There has been a discovery in the online marketing and data/statistics world in the last few years. We have had more websites, products and tools created online than we can possibly keep track of. The terms to describe this deluge of activity we have been hearing the most are “data overload” and “information overload” from both companies and consumers. This Google Magazine uses the term Data Obesity to describe this phenomenon.
They ask the question, why is more data always better?
I think the idea of “more data us better” is common from people who lived before the Internet was prevalent. We had to work hard to find data. Researching something meant going to a library and looking in a card catalog (or maybe something called Gopher) and then finding your way around the Dewey decimal system to find that book. And then sometimes they didn’t even have the book because it was checked out or possibly it was just filed wrong because nobody understood the Dewey decimal system.
On a related note recently we got invited to my cousin’s wedding in Santa Fe New Mexico. My dad promptly went to the library and checked out 3 books on Santa Fe and New Mexico. I cringed. He asked how to find out the flights to book something without a travel agent. I realized I have been traveling since 2000 this way and he stopped traveling about that time so he never has. I introduced him to Travelocity, it was mind blowing and a bit of data overload compared with the OAG book he used to use in the 80′s.
The point here is that finding data was really difficult. People had control over its distribution because it was in print. When it became more freely accessible due to Google and other companies efforts we assumed this would be good, because people could remember where to find it and use it whenever we wanted. We never thought it would get this big so fast. Now travel sites are overwhelming, they have too many choices and there are too many of them trying to get you to opt into something you don’t want while being over charged for bringing a suitcase on a flight. This is just one example of how data has gone exponential so quickly.

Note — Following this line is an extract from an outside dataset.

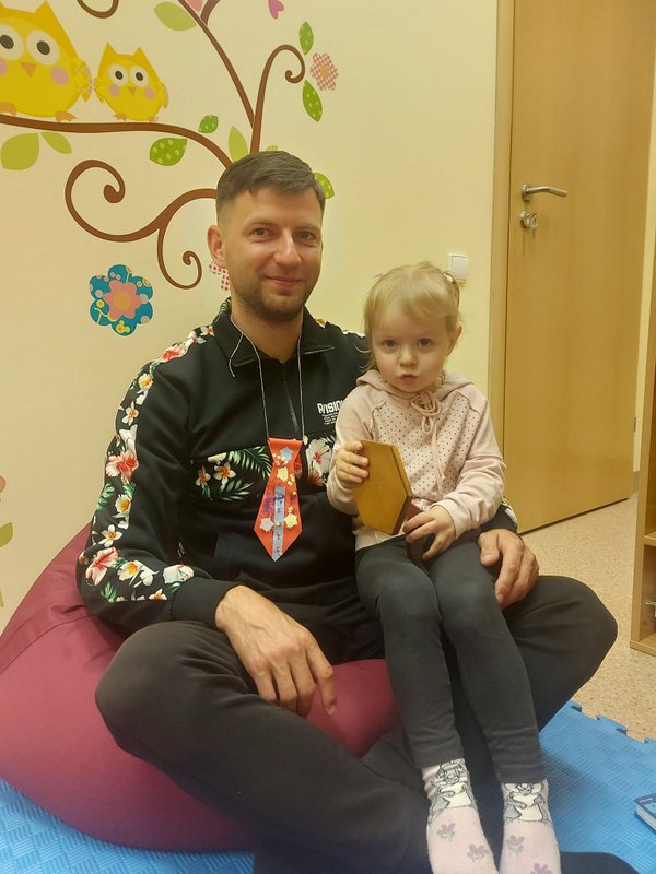 Birželio 3 d. Mažylių skaitykloje vyko Tėčio dienai skirta edukacija „Padovanok tėčiui šypseną“. Vaikai aktyviai klausėsi skaitomos istorijos apie Kakės Makės supertėčio dieną (Linos Žutautės knygos), kalbėjosi apie tai kaip smagu ir gera būti su tėčiu, kaip svarbu jį turėti, kokias įdomias veiklas galima nuveikti kartu. Su tėčiu visuomet jautiesi saugus, tėtis apgina ir paguodžia, moka nuraminti. Su juo visuomet būna linksma. Taip pat vaikai dalyvavo kūrybinėse dirbtuvėlėse, kurių metu gamino kaklaraiščius savo mylimiems tėveliams dovanų.

Others of us have come to a data overload conclusion when they have 200 emails in several in-boxes, 1000+ rss reader posts from feeds waiting, several work projects, 500+ Facebook wall posts in their feed and hundreds of tweets that have gone un-read. This is among a climate where you have to follow-up with projects 5-10 times to get things done, post blogs/tweets/FB status updates daily to keep on people’s radar, empty the DVR so it doesn’t get overloaded and auto delete something you really wanted, listen to the radio on the way to work just in case something big happens and still find time to scoop the litter box before it gets full and the cats poop on the floor.
And the real purpose in all those tweets/FB posts and feeds is that you business changes yearly and if you don’t know about the latest trend and some real insights about it before your boss asks about it, you won’t have a job for all that long. (in digital marketing)
Having data overload be a “good” problem to have from some people’s perspective (as in that it is growth oriented). The democratization of publishing combined with tracking methodology and databases have all contributed to this problem, giving everyone a voice, a potential following of readers, a data trail to analyze and method to say something important online 24/7/365. And then we have an even bigger problem of processing what is being said, figuring out if it is important or not and sharing/processing/saving it in some way if it is. Acting on that data is way down the line and many of us don’t even get there.
And this isn’t even the big problem with data overload. Where will we store it all? Why do tweets disappear from search so quickly? Because there are millions of them and the failwhale is full. According to the ThinkQuarterly UK, there are 800 Exabytes of data/information created every two days. It took humans from the beginning of civilization until 2003 to create the first 800 Exabytes, and we’re on a roll now.
Where does all this seemingly random data go? How will we know what it says without having to go into a database table and read specific field information? Where are the software tools to manage all this and still give humans the ability to customize the out put in ways that match the behavior or business purposes that we really need? Does any of this stuff ever get deleted?
These are all huge questions we have to answer as more people publish, share, create, track and do business online. We also have to weigh the possibilities of sharing data openly and locking it behind walls as well as how will people comprehensively find what they need when they want to as well as gauge the validity/accuracy of the information presented?
I’m betting on paid services for personal and business data management/archiving & Analysis tools. We will pay for good analysis, good data access & processing and good reliability/backups when we feel the pain of missing good insight, losing good data and just too much happening. Both personally and professionally. But unless you know how to work with SAP, SPSS, SQL, Oracle or a bunch of other systems data management is largely out of your control at this point. They are the librarians of our digital data and they need to find a workable way to Dewey decimal system it back into order and allow us to use it as humans need to.